Sigmund Freud: Einige Charaktertypen, 1916
Es ist aber eine feine ökonomische Kunst des Dichters, daß er seinen Helden nicht alle Geheimnisse seiner Motivierung laut und restlos aussprechen läßt. Dadurch nötigt er uns, sie zu ergänzen, beschäftigt unsere geistige Tätigkeit, lenkt sie vom kritischen Denken ab und hält uns in der Identifizierung mit dem Helden fest. Ein Stümper an seiner Stelle würde alles, was er uns mitteilen will, in bewußten Ausdruck fassen und fände sich dann unserer kühlen, frei beweglichen Intelligenz gegenüber, die eine Vertiefung der Illusion unmöglich macht.

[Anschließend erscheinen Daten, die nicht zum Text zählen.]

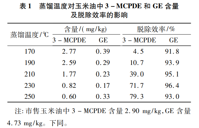 取進油速度 160 mL /h、刮膜速率 240 r/min,在 蒸餾溫度分別為 170、190、210、230、250 ℃ 的條件下 對玉米油進行分子蒸餾處理,玉米油中 3 - MCPDE 和 GE 的含量變化如表 1 所示。

Sigmund Freud: Einige Charaktertypen aus der psychoanalytischen Arbeit, 1916
Freud zitiert Shakespeare mit einer Äußerung des missgebildeten Herzogs von Gloucester am Anfang von “Richard III.”, um das Phänomen zu illustrieren, wie Menschen, die in früher Kindheit oder von Geburt an signifikante Beeinträchtigungen erfahren haben, sich dafür bewusst oder unbewusst durch Missachten von Regeln und Bedingungen schadlos halten wollen. Der spätere Konig Richard III. erklärt, da er von der Natur nicht zum Liebhaber, sondern als eine Art Monster geschaffen sei, wolle er statt eines Liebenden die Rolle des Bösewichts annehmen. Freud interpretiert dies im Sinn seines “Ausnahme”-Typus, der sich holt, was ihm von der Natur vorenthalten wurde. Interessant ist, wie Freud in unserem Zitat diese nachträgliche, im Stück nicht explizite Erklärung von Shakespeares Figurenentwurf legitimiert.